I would have just as soon left it, but Johnny’s on call tonight, and Johnny can never be trusted to answer his phone, which means leaving mine in the car was not an option. I can’t say I blame him. This thing is like a shock collar I can never get rid of. On the bright side, it has a camera, and it plays music.

That’s really a long-winded way of telling you how it was I found myself near the gazebo searching for a wounded animal that was undoubtedly human, using nothing but pure instinct, and you know, the flashlight on my phone. Another positive, another feature I couldn’t live without. I’m supposed to focus on the positive, or so I’ve been told. It’s quite a long story, but don’t worry we’ll get there. If I don’t die of a heart attack first. Which I might, because I’ve just spotted bare feet sticking out of a row of shrubs. Small feet. Feminine feet.

Upon closer inspection, I see a pale yellow dress shifted up, exposing more than should be exposed. Jesus Christ. Whatever it was I expected, it wasn’t this. The girl is laying on her side, alternating between shallow sobs and serious whimpers. Another girl is hunched over her. A small crowd gathers. There are hushed whispers and worried looks. No one steps forward to help.

I kneel beside the girl, my knees sinking into the cool earth. She must sense I’m there, but she does not move. Her hair partially covers her face. Her dress is bunched up around her waist. One sandal is on her left foot, the other is I don’t know where. As she cries, the scent of stale beer fills the surrounding air. It comes in waves.
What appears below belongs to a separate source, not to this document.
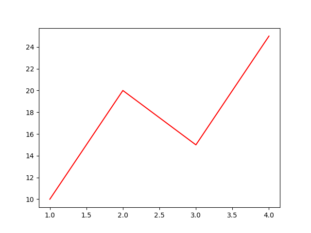 import matplotlib.pyplot as plt x = [1, 2, 3, 4] y = [10, 20, 15, 25] plt.plot(x, y, color="red") plt.show() # Output: # Red colored line plot You can use colors like "blue", "green", "black", etc.

“Hey,” I say, leaning forward. I study the girl hunched over her, who I now realize is older than I thought, and I ask what happened.

“I don’t know.” Her eyes convey fear, but her voice comes out steady. She shrugs. “I found her like this.”

She rests her hand on the girl’s forearm, and I try to place her. I assume she’s a tourist, because while she looks familiar, in the way tourists tend to do, I don’t think I’ve ever seen her before. For sure, we’ve never met. You don’t forget a face like that.

The girl blanches at the woman’s touch. I’m not expecting it, nor is the woman. The girl rears up and then quickly shifts, cowering like a cornered animal. Her eyes are wide and glassy. She shows her teeth. She’s panting harder than I am, and that’s saying so

mething. “Whoa,” the woman whispers. “Easy.” The woman speaks slowly as she backs away. “You’re okay. See?”